Privacy
Background
Under the Health
Insurance Portability and Accountability Act of 1996 (HIPAA), Public Law
104-191, the US Department of Health and Human Services (DHHS) published
on December 28, 2000 final regulations establishing national standards
for privacy of health information.
Who Is Subject to These
Regulations? "Covered Entities"
The following entities are
covered by the proposed regulations
- All health care providers
who choose to transmit health information electronically
- All health plans
- All health care clearinghouses
Covered entities are allowed
to disclose health information to persons or organizations they hire to
perform functions on their behalf. These "business associates"
are not permitted to use or disclose protected health information in ways
that are not permitted of the covered entity itself.
What Health Information
Is Covered by the Proposed Regulations?
"Protected health information"
The regulations protect health
information that:
- identifies an individual
- relates to a person’s
physical or mental health, the provision of health care or the payment
of health care
- can be created or received by a
covered entity, and
- is maintained or exchanged in any medium.
If the
information has any components that could be used to identify a person,
it is covered.
The protection stays with the
information as long as the information is in the hands of a covered entity
or a business associate.
Covered entities can use or
disclose protected health information with the individual’s authorization
for any lawful purpose. A standard form is established for this purpose.
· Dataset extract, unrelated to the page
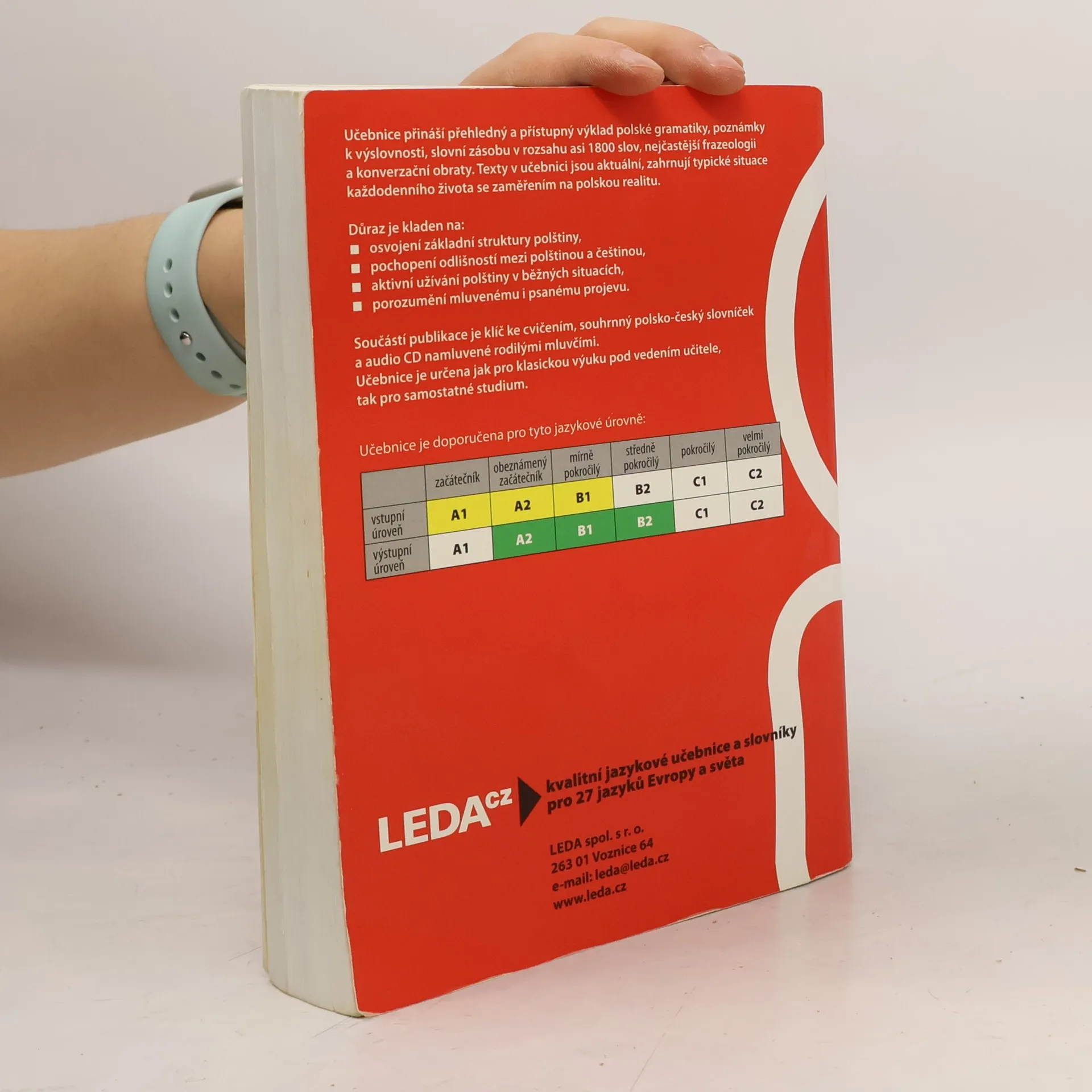 Učebnice přináší přehledný a přístupný výklad polské gramatiky, poznámky k výslovnosti, slovní zásobu v rozsahu asi 1800 slov, nejčastější frazeologii a konverzační obraty. Texty v učebnici jsou aktuální, zahrnují typické situace každodenního života se zaměřením na polskou realitu. Důraz je kladen na osvojení základní struktury polštiny, pochopení odlišností mezi polštinou a češtinou, aktivní užívání polštiny v běžných situacích a porozumění mluvenému i psanému projevu. Součástí publikace je klíč ke cvičením, souhrnný polsko- český slovníček a audio CD namluvené rodilými mluvčími. Učebnice je určena jak pro klasickou výuku pod vedením učitele, tak pro samostatné studium.

Each authorization must specify the information to be disclosed, who will
get the information, and when the authorization expires. Individuals can
revoke an authorization at any time. Covered health care providers must
obtain patient consent prior to using or disclosing protected health information
to carry out treatment, payment or health care operations. Providers may
condition treatment on the patient signing the consent. A health plan
or health care clearinghouse may obtain consent to carry out these purposes.
A health plan may condition enrollment on the patient’s consent.
Uses and Disclosures of
Health Information Permitted Without Authorization
Covered entities
can use and disclose protected health information without individual authorization
for the following purposes:
- Oversight of the health care system, including fraud investigations
- Public health, and in emergencies affecting life or safety
- Research if approved by an IRB or Privacy Board
- Judicial and administrative proceedings
- Law enforcement
- To provide information to next-of-kin
- For identification of the body of a deceased person, or the cause of death
- For facilities’(hospitals, etc.) directories
- In other situations where the use of disclosure is mandated by other laws.
- Workers Compensation
Individual
The regulations
provide basic rights for individuals with respect to their protected health
information. Individuals have:
- The right to receive a
written notice of information practices from health plans and providers.
The notice must describe the types of uses and disclosures that the
plan or provider would make with health information (not just those
uses and disclosures that could lawfully be made).The right to obtain
access to protected health information about them, including a right
to inspect and obtain a copy of the information.
- The right
to request amendment or correction of protected health information
that is inaccurate or incomplete.
- The right
to receive an accounting of the instances where protected health information
about them has been disclosed by a covered entity for purposes other
than treatment, payment, or health care operations.
Minimum Necessary
The minimum
necessary provisions of the regulations state that covered entities must
limit the disclosure of protected health information to the minimum necessary
to accomplish the purpose of the use, disclosure or request for health
information from another covered entity.
Administrative Requirements for Covered Entities
Under the regulations, providers and payers are required to implement basic administrative procedures to protect health information. Among them:
- Develop a Notice of Information Practice
- Allow individuals to inspect and copy their protected health information
- Develop a mechanism for accounting all disclosures made for purposes other
than treatment, payment, and health care operations.
- Allow individuals to request amendments or corrections to their protected health information
- Designate a privacy official
- Provide privacy training to members of its workforce who would have access
to protected health information
- Implement
physical and administrative safeguards to protect health information
from intentional or accidental misuse
- Establish policies and procedures to allow individuals to log complaints about
the entity’s information practices, and maintain a record of any complaints
- Develop a system of sanctions for members of the workforce and business associates
who violate the entity’s policies.
- Have available documentation regarding compliance with the requirements of the regulation
- Develop methods for disclosing only the minimum amount of protected information
necessary to accomplish any intended purpose
- Develop and use contracts that will ensure that business associates also protect
the privacy of identifiable health information
Preemption
Pursuant to
the HIPAA law, this rule will preempt state laws that are in conflict
with the regulatory requirements with exceptions for certain public health
functions and related activities.
Enforcement and Penalties
Under HIPAA,
the Secretary is granted the authority to impose civil and criminal penalties
against those covered entities that fail to comply with the requirements
of this regulation. DHHS has delegated the HIPAA enforcement authority
to the Office of Civil Rights (OCR).